Vergleichsweise dezente Modewerbung
WG-Konzert in Isola, Meiland
Der Dienstag war dann mein freier Tag, den ich grâßtenteils im Parco Sempione und im Aquarium von Meiland verbracht habe. Abends bin ich dann weiter nach Padua, habe dort aber nur noch mein Bett in der Jugendherberge besichtigt. Am nÀchsten Morgen kam mir Padua im Vergleich zu Meiland so unglaublich ruhig und entspannt vor. Dabei habe ich sowieso einen ereignisreichen Tag erwischt: Studenten, die gerade ihren Abschluss erhalten haben, müssen in Padua und Venedig verkleidet einen über sie verfassten, erotisch angehauchten und ziemlich langen Text lesen. Verlesen sie sich, müssen sie trinken und werden von ihren Freunden mit Essen besudelt. Und je mehr sie trinken, desto mehr Fehler machen sie natürlich. Und so war die Stadt voll mit jubelnden Studenten, die sich um grotesk verkleidete Figuren versammelt haben.

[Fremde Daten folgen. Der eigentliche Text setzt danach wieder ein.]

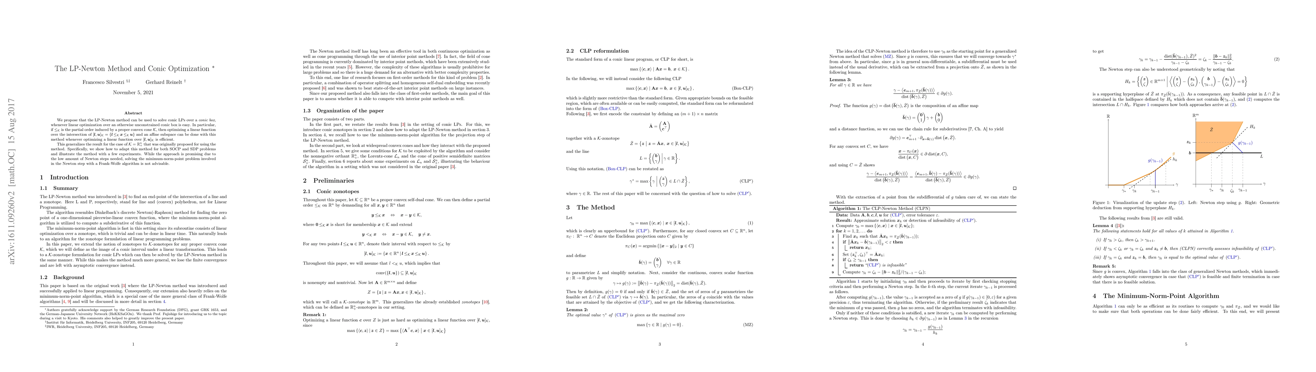 The LP-Newton method is proposed to solve conic linear programs over conic boxes efficiently, generalizing its application to SOCP and SDP problems. Although promising due to few Newton steps, using a Frank-Wolfe algorithm for the minimum-norm-point problem in the Newton step is discouraged.

Trotzdem erschien mir die Stadt den ganzen Tag wie ein total gemütlicher Ort. Als ich morgens am Markt die StÀnde mit den Pilzen entdeckt habe, hatte ich dann auch ein Ziel für diesen Tag gefunden: Pilze essen. Den Wunsch habe ich mir dann gleich zweimal erfüllt. In Padua gibt es außerdem einen der Àltesten botanischen GÀrten der Welt. Dort steht neben einer FÀcherpalme ein Text von Goethe, der von eben dieser Palme sehr angetan war.

Dottore in Mediazione
linguistica e culturale
EntzΓΌckte Statue im
botanischen Garten
FΓΌr Katholiken ist Padua wichtig, weil dort die sterblichen Überreste von Lukas dem Evangelisten und dem heiligen Antonius aufbewahrt werden. FΓΌr Antonius, der ein so guter Redner war, dass ihm auch die Fische zugehΓΆrt haben, wurde eine ganze Kathedrale errichtet. Dort sind neben seinem Sarg auch seine Zunge, sein Kinn und seine StimmbΓ€nder als Reliquien ausgestellt. Ich frage mich, wie die Menschen auf die Idee kamen, als der gute Mann gestorben war seine Verdienste als Redner damit zu ehren, dass man ihm das Kinn abhackt, die Zunge und StimmbΓ€nder herausreist um das ganze dann der Γ–ffentlichkeit zu prΓ€sentieren.

Pilze Pilze Pilze
Prato della Valle
Das Konzert abends in La Mela di Newton war dann das letzte meiner Reise und ein perfekter Abschluss. Ich habe verstÀrkt gespielt und der Klang war richtig gut. So konnte ich zwischendurch auch mal wieder ein bisschen Krach machen, das macht ja schließlich auch Spaß. Der Laden war außerdem gerammelt voll und die Musik kam sehr gut an. Woran sich deutsche Clubs ein Beispiel nehmen kânnten: Um Mitternacht gab es eine KÀseplatte und Grissini für alle. Und darauf eingestellt auf irgendeinem Sofa zu übernachten, war ich dann sehr überrascht, als der Booker mich zu dem für mich gebuchten Hotelzimmer gefahren hat.

La Mela di Newton, Padua

Am letzten Tag habe ich dann einen Abstecher nach Venedig gemacht. Dort habe ich den ein oder anderen Biennale-Pavillon von LΓ€ndern, die ich nicht so ohne weiteres auf dem Globus finden wΓΌrde, besichtigt und ansonsten die Stadt auf mich wirken lassen. Und die ist schon echt etwas besonderes.

Pavillon von Azerbaijan
Am Canal Grande
Was ich noch gelernt habe: In Italien trinkt man zur Zeit ΓΌberall Spritz. Also habe ich meine Reise auch bei einem solchen ausklingen lassen und die letzten Postkarten geschrieben. Am nΓ€chsten Tag hΓ€tte ich dann in 13 Stunden von Venedig nach Berlin fahren sollen. Es wurden dann 20 Stunden, dank einem "Personenschaden" auf der Strecke zum Brenner. Vielleicht sollte ich aufhΓΆren 1615 zu singen? Bringt das UnglΓΌck? Zumindest habe ich, wΓ€hrend der Zug fast vier Stunden vor Bozen stand, einen neuen Text geschrieben: Tour Diary.